If given the option of living six more months of life with much quality, or 20 more years with little or no quality, which would you choose?

This is not a test. It is, however, an interesting and very different issue for born again believers in the Lord Jesus, as opposed to those who do know Him. The former have much assurance of life both in the here and now, and in the hereafter. The latter have little expectation of any existence but the all too brief temporal span from birth to death. Thus, the question we raise may well elicit very different answers from the believer and the unbeliever.

I suspect that many believers would opt for the six months of quality. Unless God chose for us to linger, (which He might for His good purposes), most of us would likely see little reason to remain in a difficult earthly existence when a glorious Heaven awaits. We would likely seek to live those six months with a great spiritual zest and enthusiasm, seeking to glorify the Lord Jesus, and as I recently heard in a radio advertisement, "leaving this world exhausted!"

The unbeliever might well have a well have a different response. If this present life is all there is, many might well desire the twenty years, hoping to make the best of their difficult lot because a disturbing nothingness is viewed as the only other possibility. Indeed, humanity bears within its heart a great and intrinsic yearning to be. To be forever. The unbeliever, however, has no real hope that his cosmic desire for eternal existence is anything more than an evolutionary cruelty somehow misprogrammed by natural selection. He might therefore opt for twenty years of difficulty in order to stem the tide of nothingness that he believes will drown him in a forever too horrific to easily embrace (sadly, of course, he is wrong in his opinion that life ends upon physical death, and an even greater darkness than nothingness actually awaits those who reject the Lord Jesus).

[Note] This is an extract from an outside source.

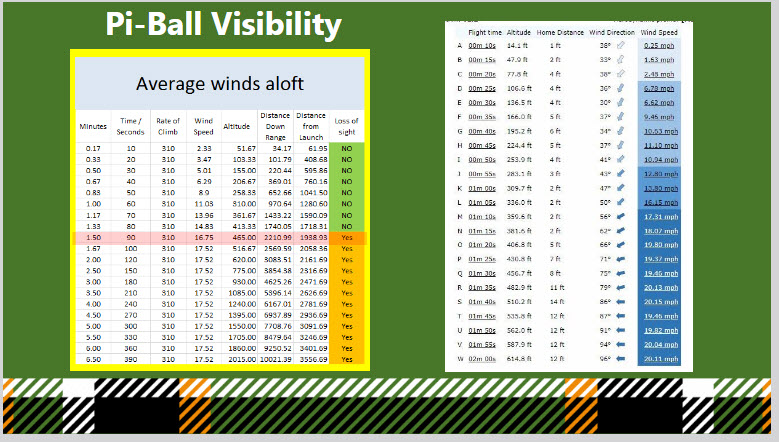 - Charts showing the altitude of a Pi-Ball in different wind conditions.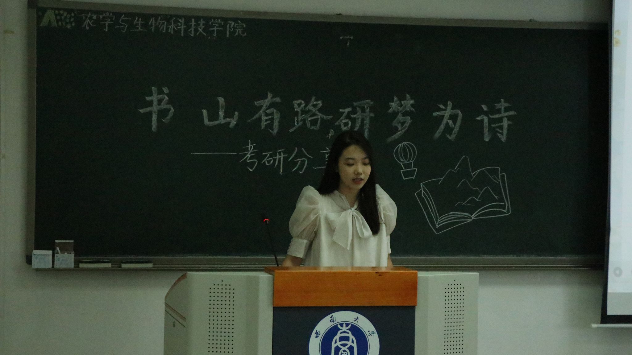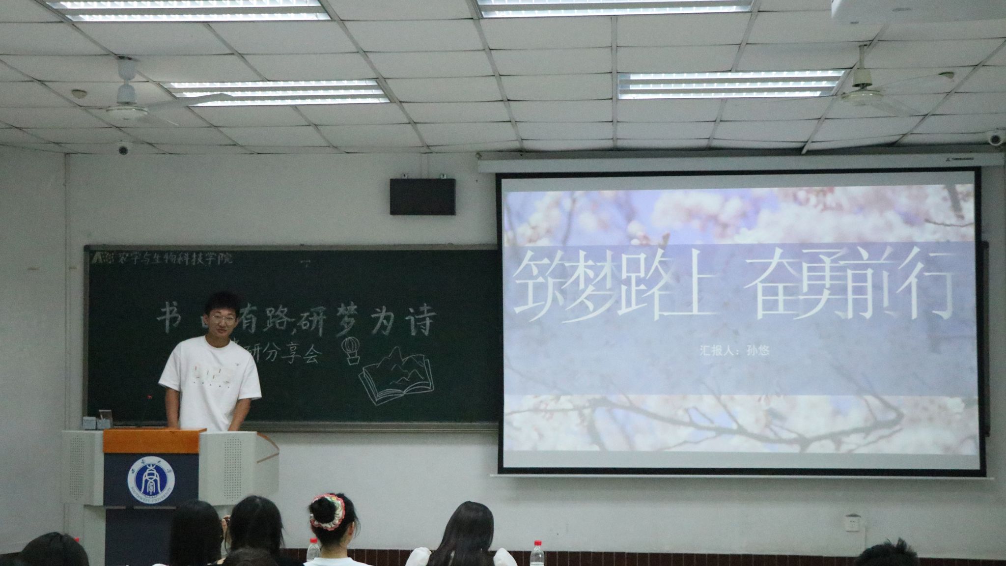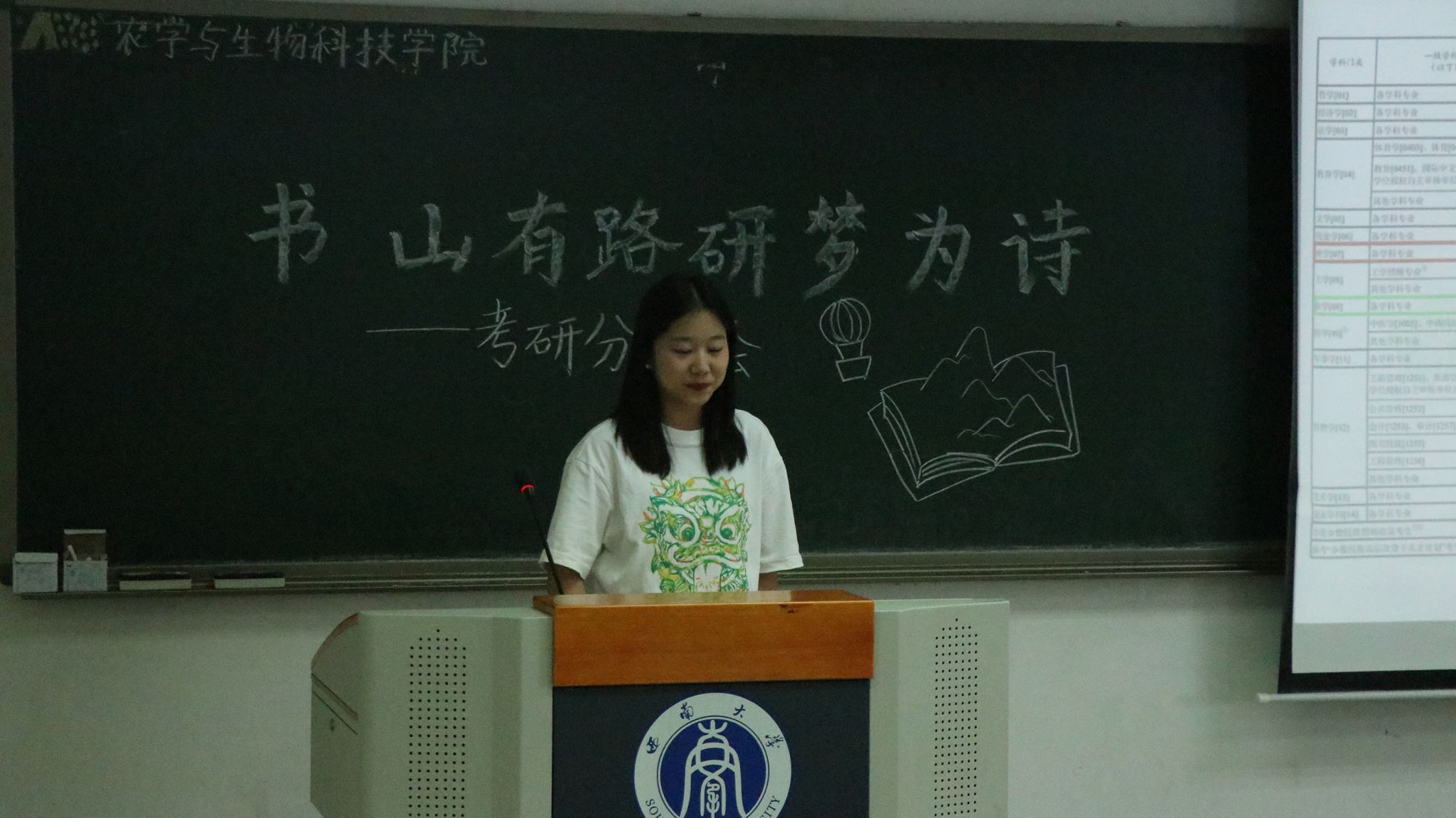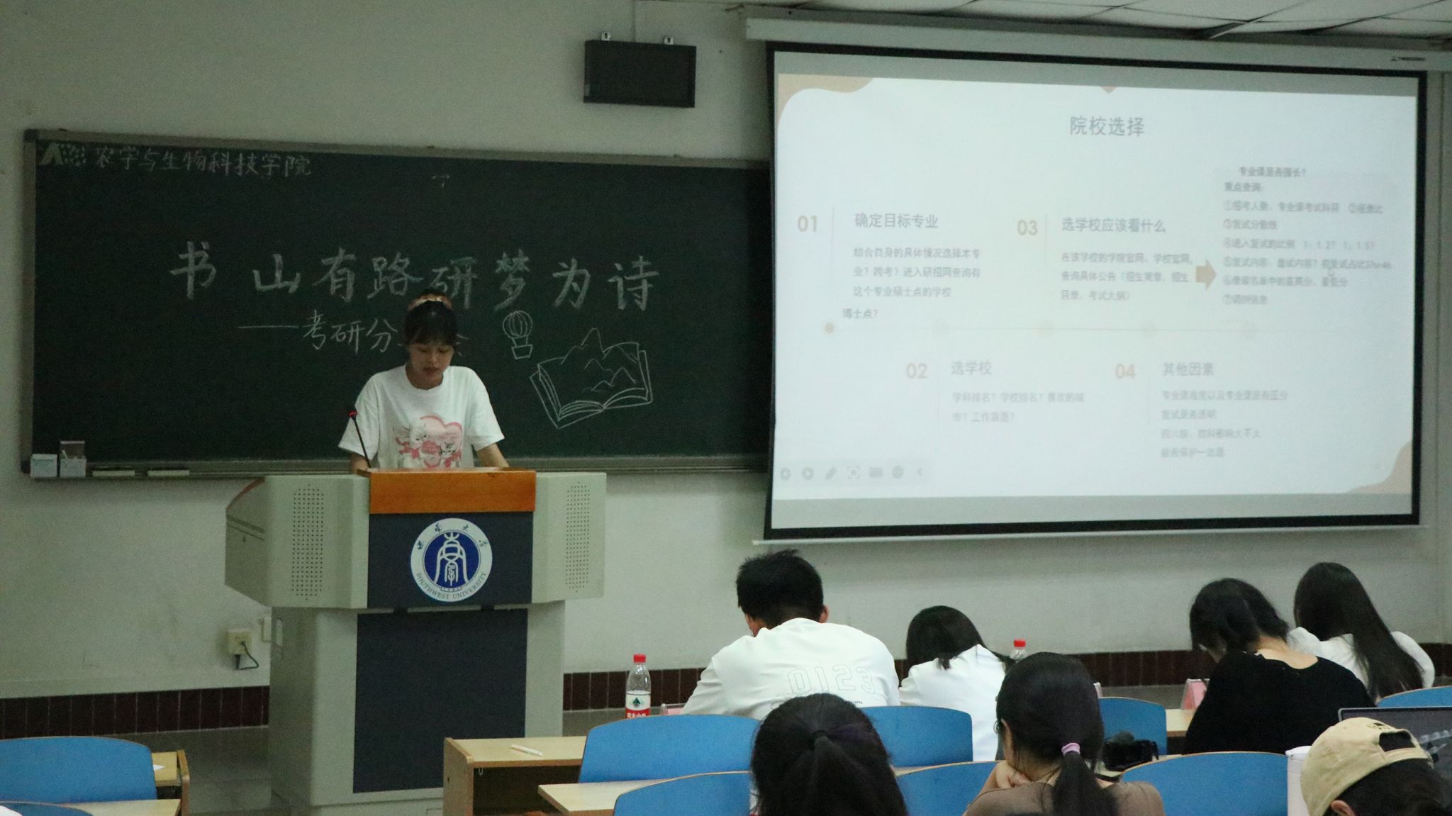 第二位是来自植物科学与技术专业的贾欣瑶同学,现已考研至西北工业大学生命学院生物技术与工程专业。她着重向同学们介绍自己备考时的学习经验,并向大家分自己使用A4纸背诵英文单词、循环记忆等高效学习方法。她指出,自主绘制思维导图能够帮助理解复杂的概念并且掌握知识之间的逻辑。同时,她还提到平时可以适当使用社交平台获取信息,但不要过度迷恋。答疑环节,她建议同学们在图书馆或自习室进行复习,可以提高学习效率。

The truth of the matter is that none of us has six months or twenty years of earthly existence. We have today. Frances and I often challenge each other when either of us expresses concern about the future. "Oh, so the Lord has appeared to you physically and guaranteed that you'll be here tomorrow?!" He doesn't do that, of course, because the Bible plainly commands that we must sink our heart and being into the only day promised in our present existence.

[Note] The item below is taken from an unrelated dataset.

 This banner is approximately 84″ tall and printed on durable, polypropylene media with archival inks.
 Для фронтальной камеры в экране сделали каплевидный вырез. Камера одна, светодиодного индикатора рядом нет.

"Take therefore no thought for the morrow... Go to now, ye that say, To day or tomorrow we will go into such a city, and continue there a year, and buy and sell, and get gain: whereas ye know not what shall be on the morrow. For what is your life? It is even a vapor, that appeareth for a little time, and then vanisheth away. For that ye ought to say, If the Lord will, we shall live, and do this, or that" (Matthew 6:34; James 4:13-15).

The best response to the rhetorical question we raise is to outrightly reject its premise. One day. Today. This day is all we have. If we have awoken to greet December 2, 2011 (or whatever day you may be reading this), let us go forth with that "great spiritual zest and enthusiasm" to see what our Heavenly Father has prepared for us, and for those with whom we live our lives. Such a perspective will open our hearts and eyes to His presence and loving purpose for the only day God has given to us. He awaits us therein, and we will find Him as we join the Psalmist in his joyful assurance and affirmation...

"This is the day which the Lord hath made; we will rejoice and be glad in it."